====== INFORMATION SHOWN ======

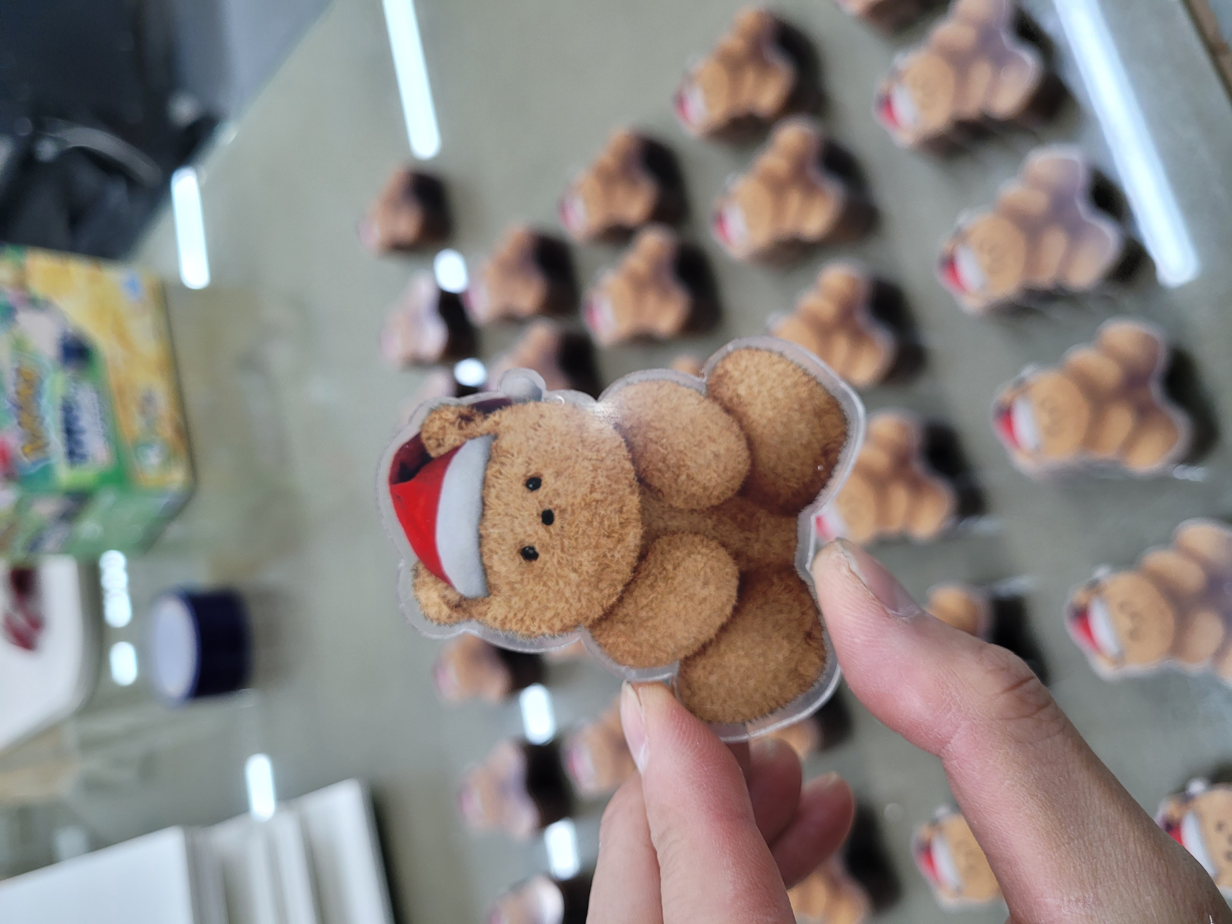 투명, 홀로그램, 글리터 등 다양한 소재의 아크릴 키링을 제작합니다. 빛의 각도에 따라 다르게 반짝이는 신비로운 매력의 키링으로 시선을 사로잡으세요. 클리어 투명 아크릴의 맑은 느낌, 오로라 홀로그램의 몽환적인 빛깔, 글리터가 가득한 반짝임 등 취향에 맞는 다양한 효과를 선택할 수 있습니다. 여러 색상의 컬러 아크릴, 형광 아크릴, 야광 아크릴, 미러 아크릴 등 특수 소재도 다양하게 보유하고 있어 개성 있는 키링을 만들 수 있습니다. 같은 디자인도 소재에 따라 전혀 다른 느낌이 되니, 다양한 버전으로 제작하여 컬렉션하는 재미를 누려보세요.
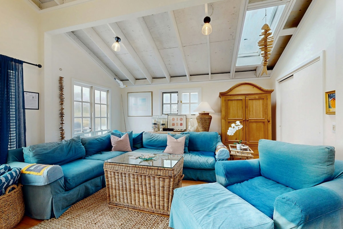 Our spacious 1600 sq ft. floor plan is perfectly designed for up to three couples, or a larger family. It is also ideal for “Girls (or guys) Get-aways.” Maximum capacity is 6 adults. Our Great Room with kitchen, dining/living areas with an effortless gas fireplace is connect by French doors to our family room, with a 40' smart TV and Blu-Ray. So, when the “youngsters” and the “young at heart” in your group are ready for some space of their own, you simply close the French doors! All are furnished with comfortable, cozy furniture, decorated with a fisherman’s cottage theme.
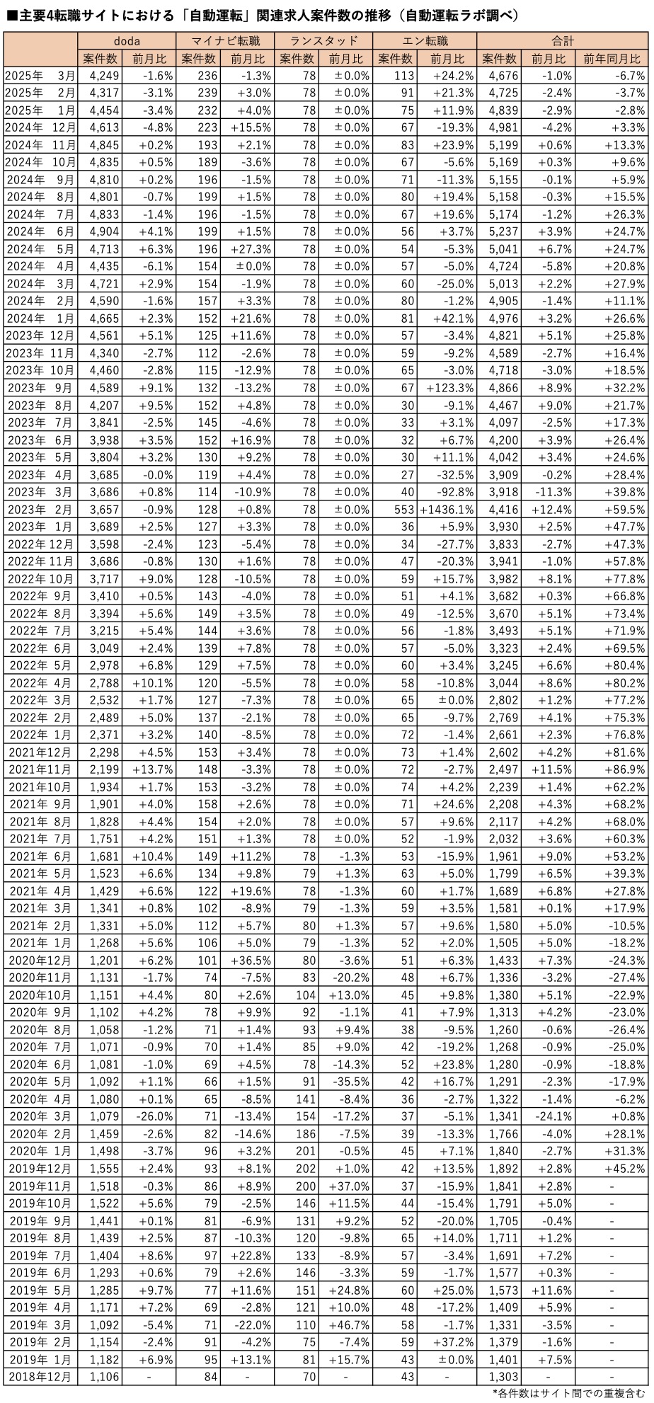●『自動運転ラボ』による定点求人案件数調査について
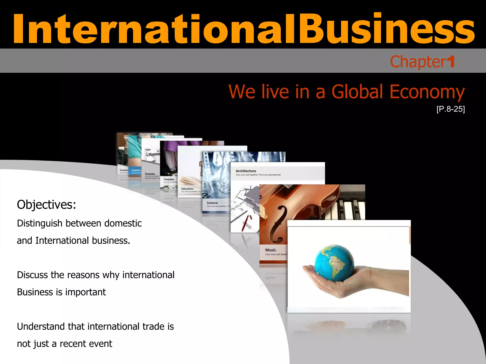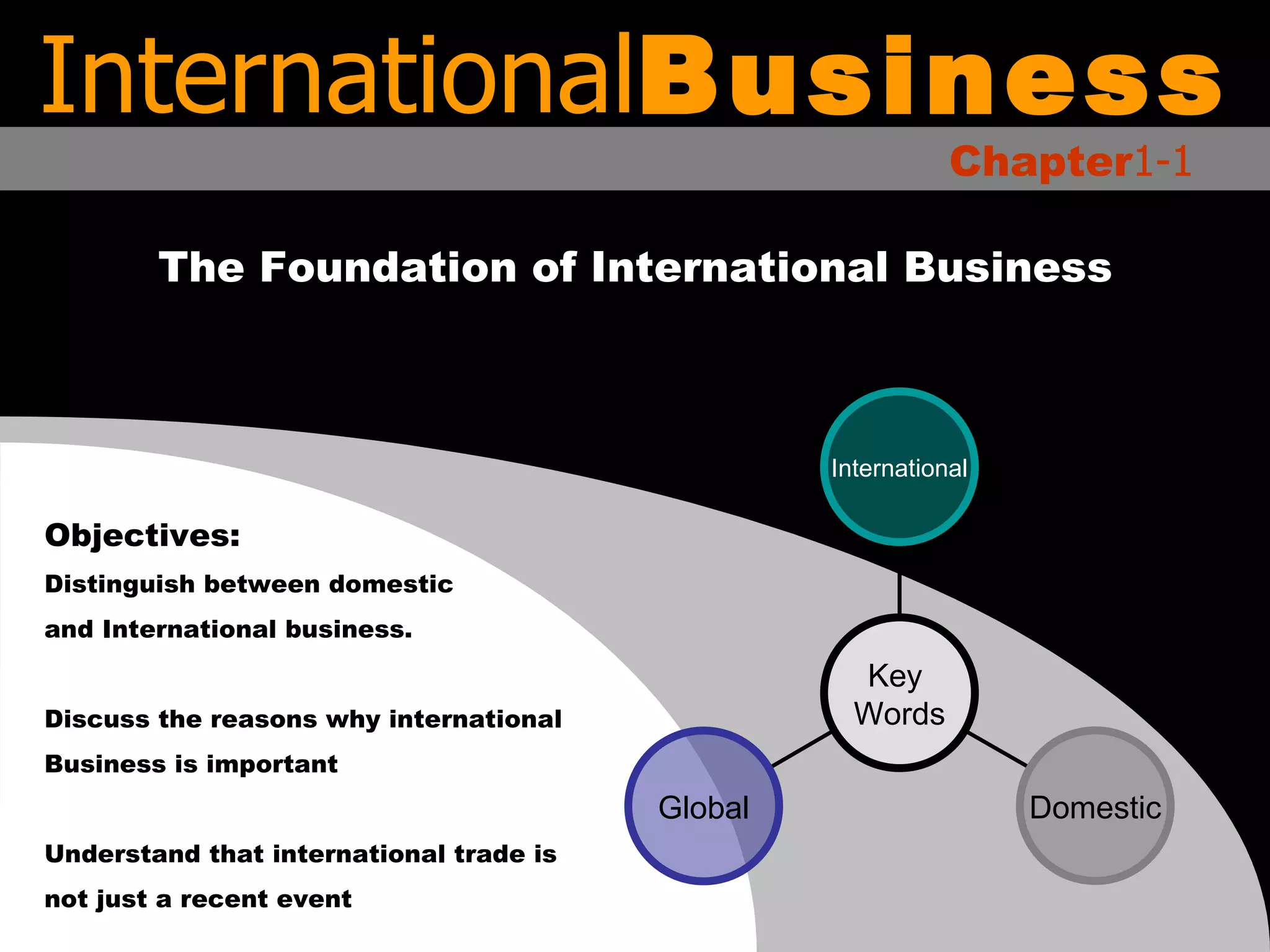 This document discusses the foundations of international business. It distinguishes between domestic and international business and explains why international business is important. It notes that international trade has a long history and is not a recent phenomenon. Key topics covered include the components of the international business environment, basic international business activities like imports and exports, and trade barriers between countries.
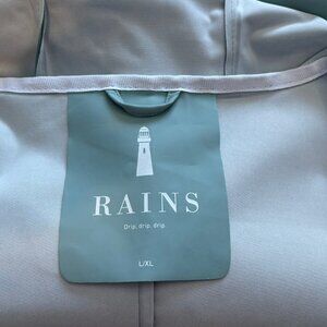 Rains Unisex Light Green Waterproof Hooded Longline Jacket - Size L / XL
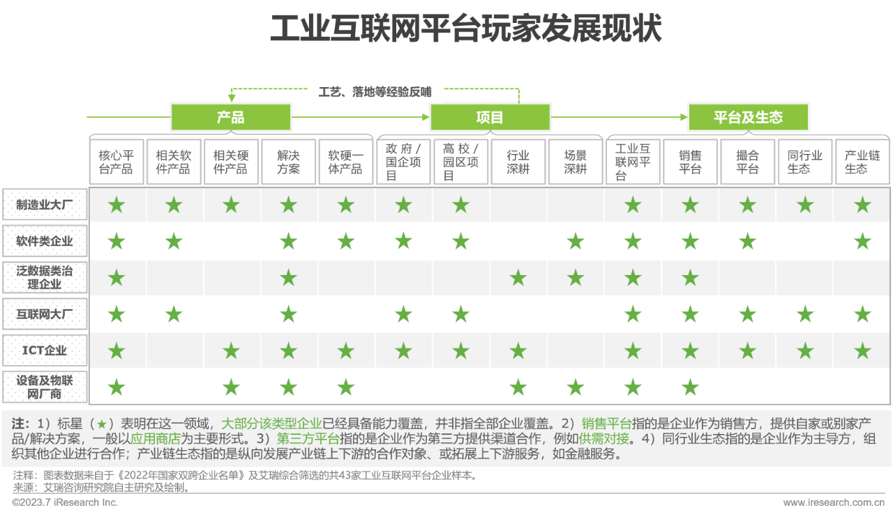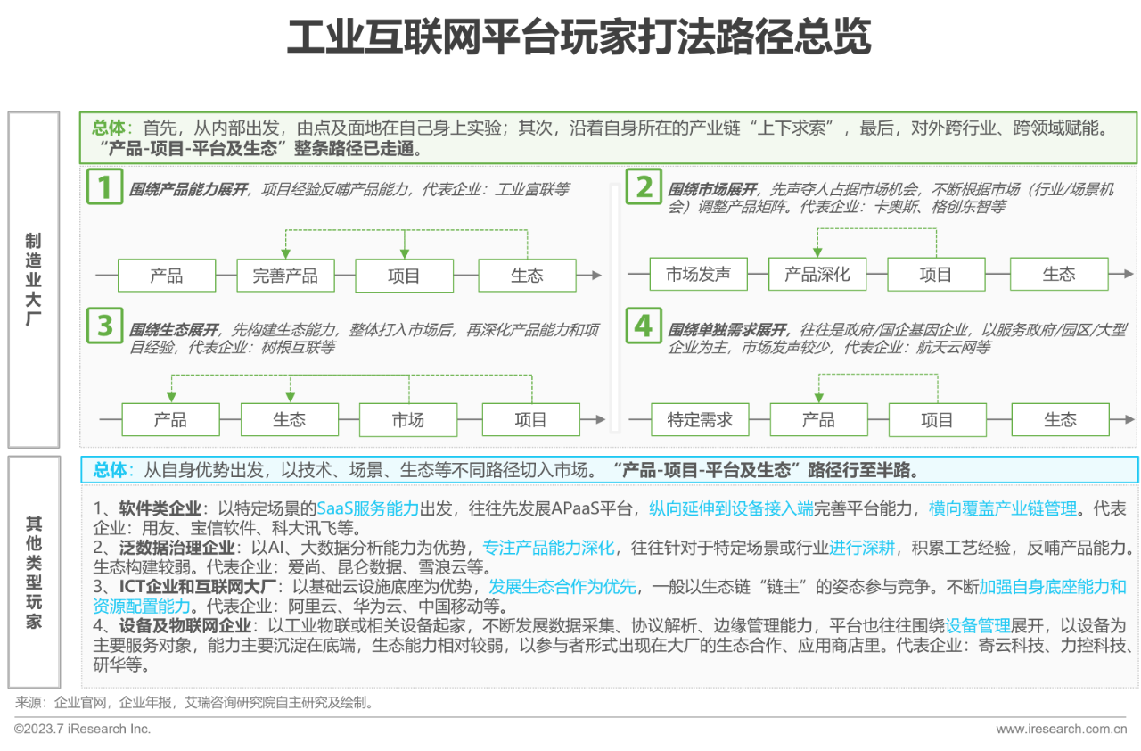 平台玩家总体打法路径呈现为“产品-项目-平台及生态”,制造大厂已经走通,其他类型玩家现行至半路
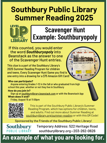 Sponsored by the Friends of the Southbury Public Library. We are also grateful to all the local organizations and businesses who partnered with us to serve as locations on our scavenger hunt.
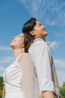 かなり高い位置にある飯綱山公園では奥行きもある写真が撮れます!指輪も、チラッと見えるお顔も可愛い!photo下中千聖hairmake山中真里奈
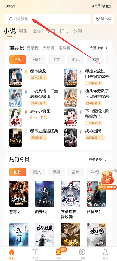 2、在搜索栏内输入想要看的小说;
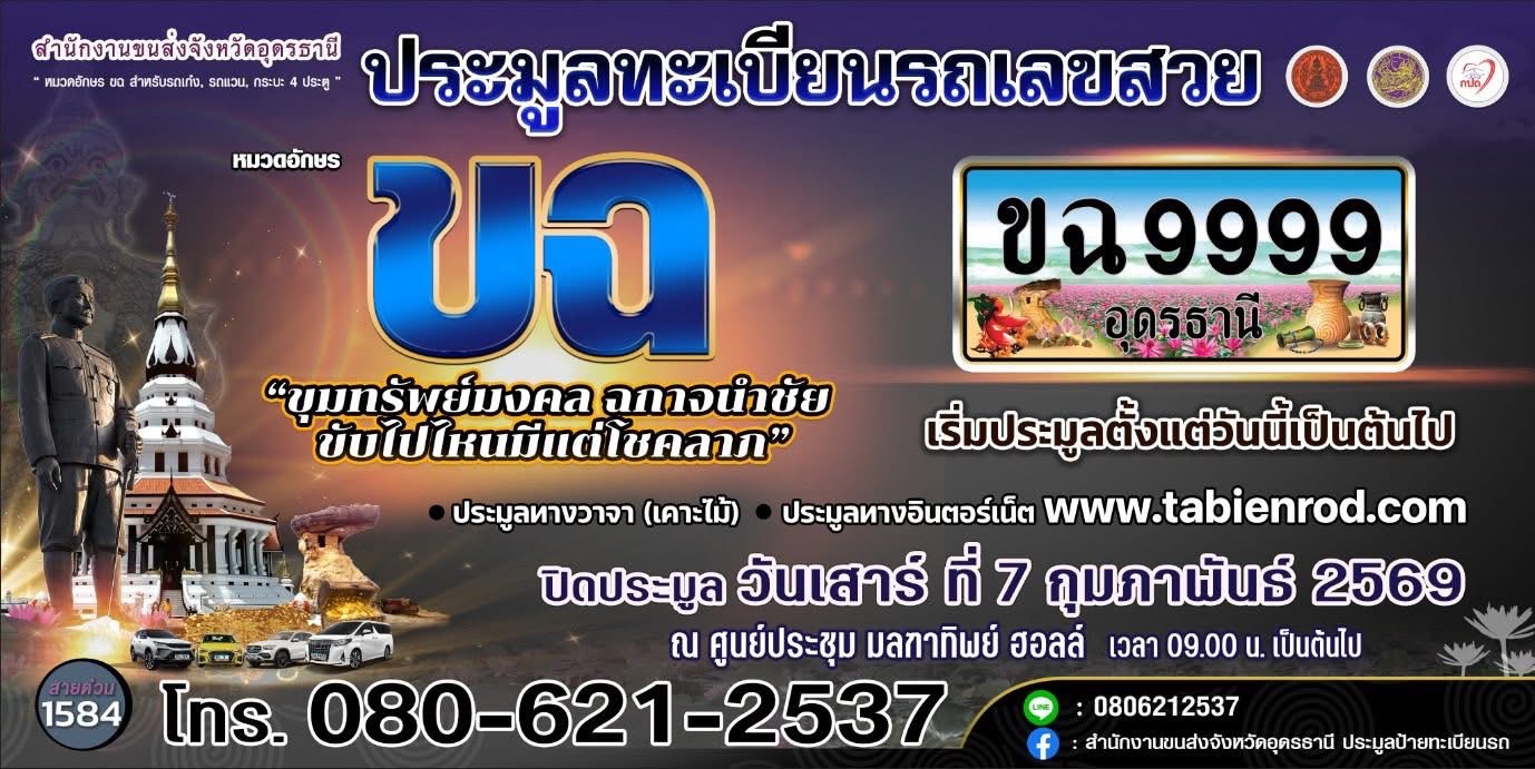 การประมูลทะเบียนรถเลขสวยอุดรธานี หมวด ขฉ 7 ก.พ. 69
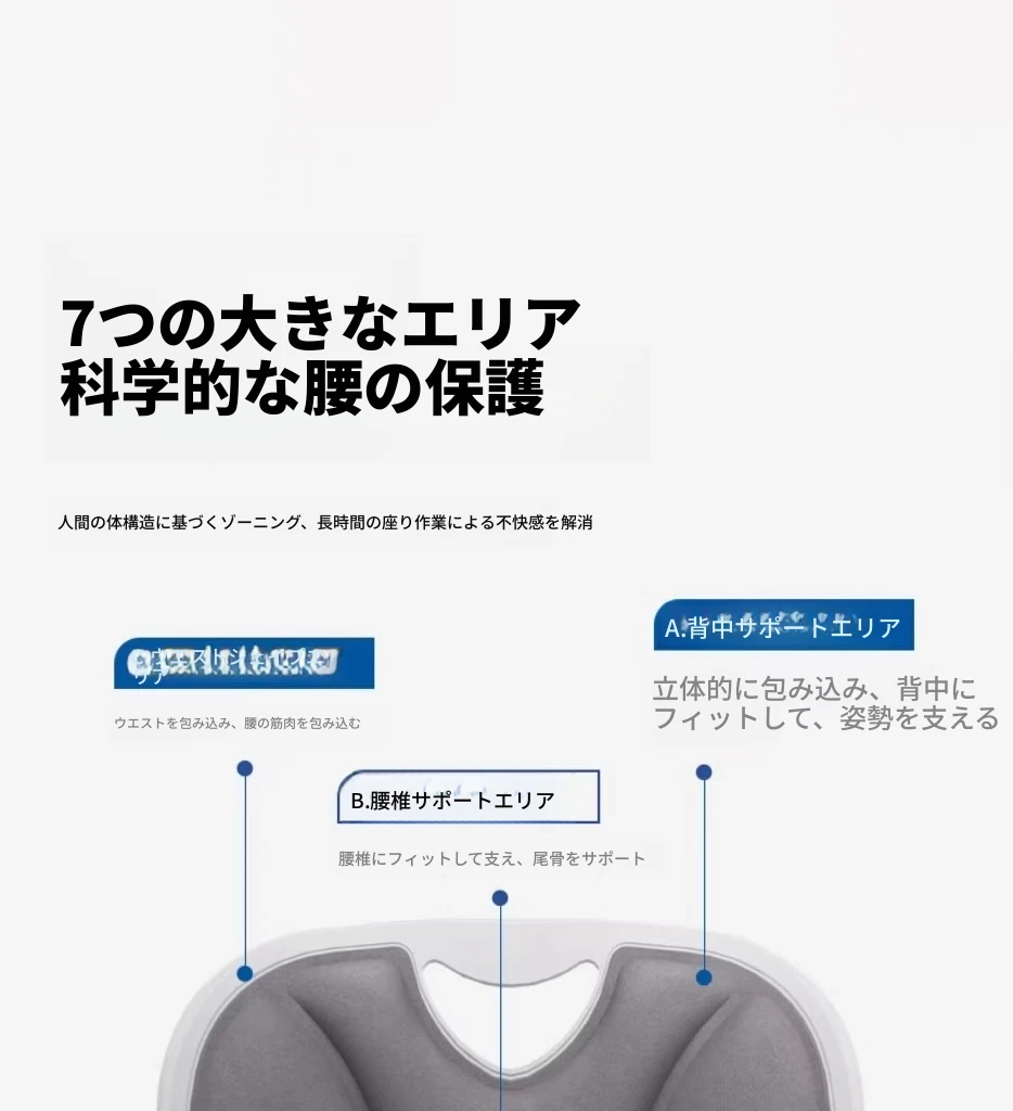 グレー【三日月型OPP袋入り】一体型腰サポート椅子
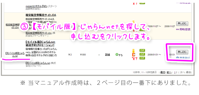 - 【モバイル版】じゃらんnet を探して、[申し込む]をクリックしてください。
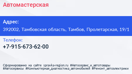 Автомастерская по адресу 392002, Тамбовская область, Тамбов, Пролетарская, 19/1 в дальнейшем Организация, размещена в следующих категориях:
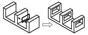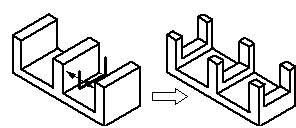 下一幅图显示类似的情况,不同之处在于轮廓顶部已保持开放。注意,轮廓的两端进行延伸,使特征切除了零件的上表面。
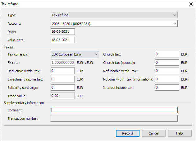 Use this transaction type to enter tax refunds. Proceed as follows:
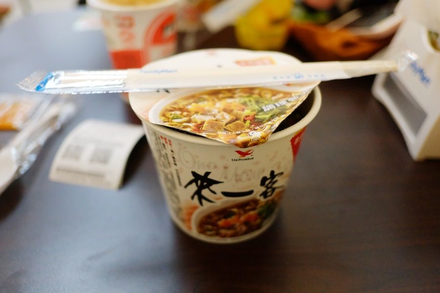 พอกลับมาถึงแถวที่พักก็เริ่มหิว ตามแพลนนี่คิดว่าคงจะไปฟาดอาหารที่ Jiufen แต่กลับไม่ค่อยได้กินอะไรเท่าไหร่ เราขี้เกียจหาร้าน เลยแวะที่แฟมิลี่มาร์ท ดีกว่าบ้านเราตรงมีที่นั่งให้กินและสะอาดด้วย (เราเคยนั่งตรง lawson อุดมสุข มันไม่สะอาดเลยอะ) พอลองเดินสำรวจดูแล้ว บะหมี่เนื้อน่าสนใจเลยเอามาลอง อร่อยดีอ่ะ

======

WORK TASK: Line for line, output the entries above from the line with "グレー【三日月型OPP袋入り】一体型腰サポート椅子" to the line with "Use this transaction", both included, and nothing more. Skip pictures.

WRITTEN RESPONSE:
 グレー【三日月型OPP袋入り】一体型腰サポート椅子
 - 【モバイル版】じゃらんnet を探して、[申し込む]をクリックしてください。
 Автомастерская по адресу 392002, Тамбовская область, Тамбов, Пролетарская, 19/1 в дальнейшем Организация, размещена в следующих категориях:
 下一幅图显示类似的情况,不同之处在于轮廓顶部已保持开放。注意,轮廓的两端进行延伸,使特征切除了零件的上表面。
 Use this transaction type to enter tax refunds. Proceed as follows:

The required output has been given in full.